In April 2010 Governor Kathleen McMahon announced her resignation as governor of the Dochas Centre fearing a reversion to "self-mutilation, bullying, depression and lesbianism". One of the features of the prison was that each prisoner had their own room. In the weeks leading up to her resignation there were cases where five inmates were sharing a room. The resignation was as a result of a failure by the Department of Justice to consult her about putting in bunk beds to hold more prisoners. As of June 2010, 106 inmates were in custody with a further 73 inmates on temporary release.

Overcrowding has been compounded by homelessness with some prisoners being granted release refusing to leave as they have nowhere to live.

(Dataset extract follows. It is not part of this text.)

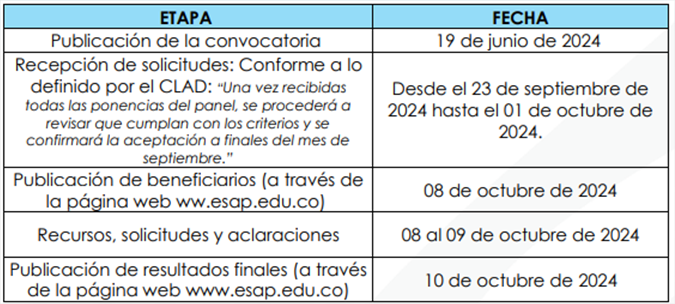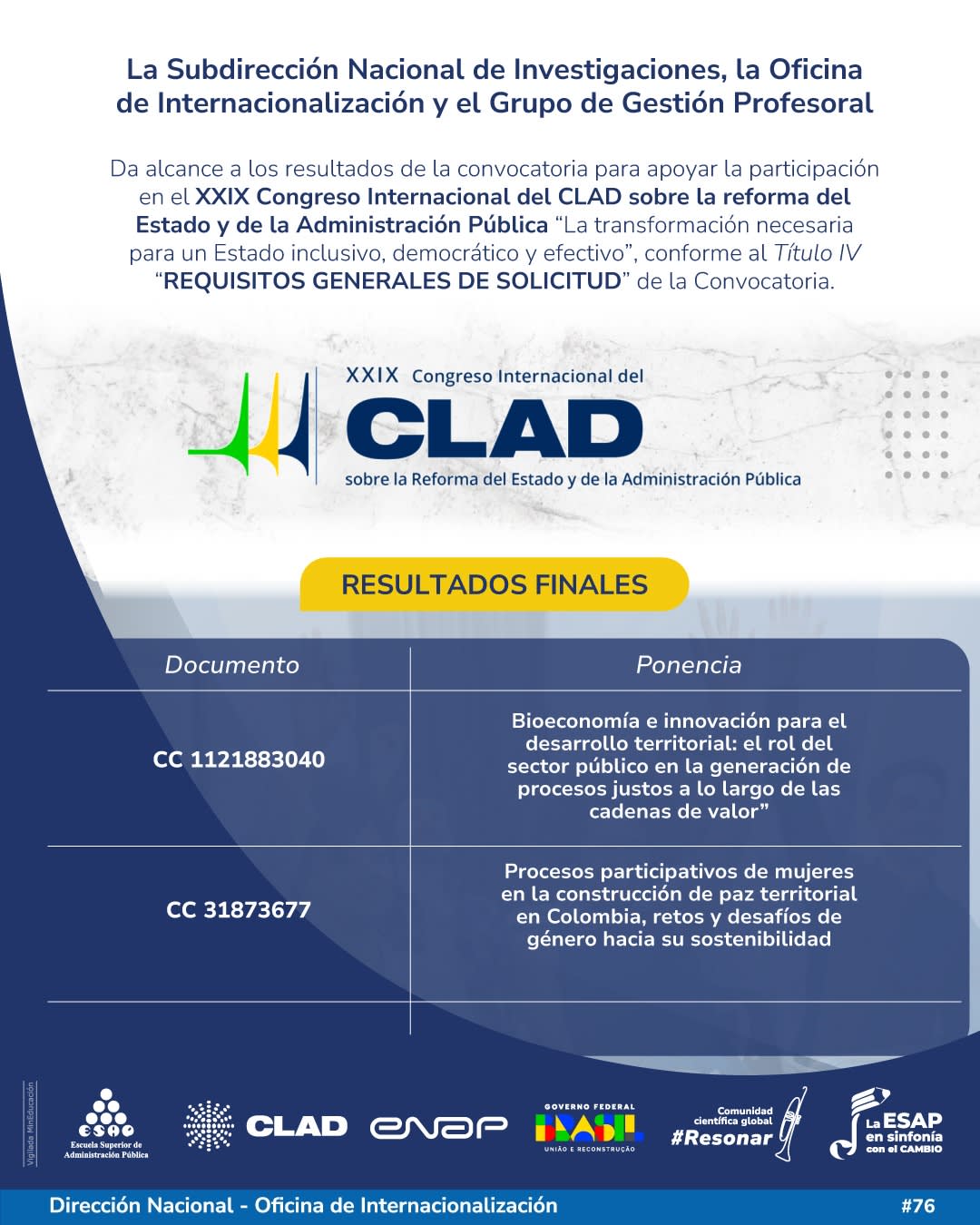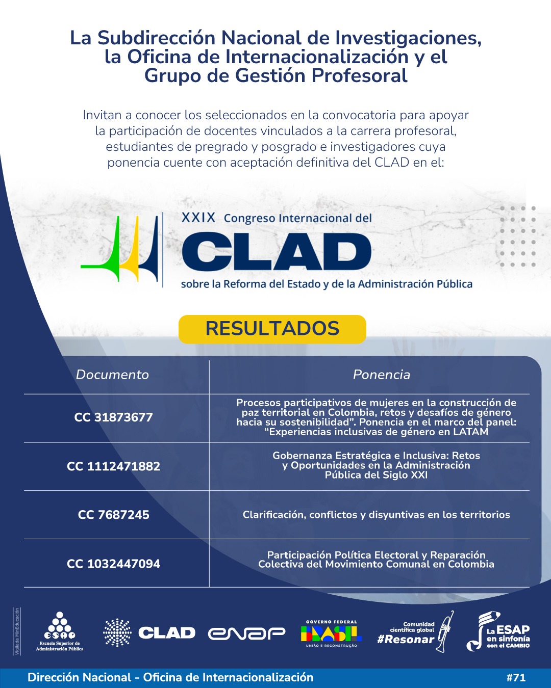 La Subdirección Nacional de Investigaciones, la Oficina de Internacionalización y el Grupo de Gestión Profesoral invitan a postularse en la convocatoria para apoyar la participación de docentes vinculados a la carrera profesoral, estudiantes de pregrado y posgrado e investigadores cuya ponencia cuente con aceptación definitiva del CLAD.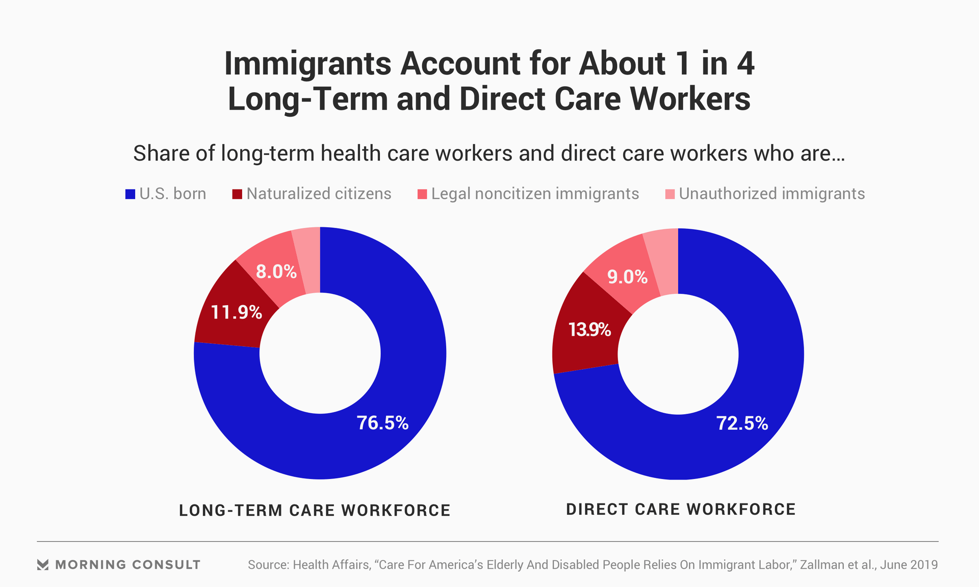 That’s according to a new study published in Health Affairs, which found that immigrants make up nearly 1 in 4 workers in the formal and nonformal long-term care sector and over a quarter of direct care workers. President Donald Trump’s proposals to reduce immigration, paired with rhetoric dissuading foreign-born workers from migrating to the United States, could have a deleterious effect on seniors and people with disabilities, the researchers concluded, especially as federal health officials prepare for already inevitable shortages in the health care workforce.

In one case an inmate who was granted early release was arrested after trying to break in by scaling the gate of the prison to return to the centre.

==High profile inmates==
The centre has housed and continues to house a number of high-profile inmates, these include:-
- Shell to Sea activist, Maura Harrington.
- Catherine Nevin
- Scissor Sisters killers Linda and Charlotte Mulhall and their mother.

==Future==
There are plans to replace the Dóchas Centre with a new women's prison as part of the planned Thornton Hall prison complex.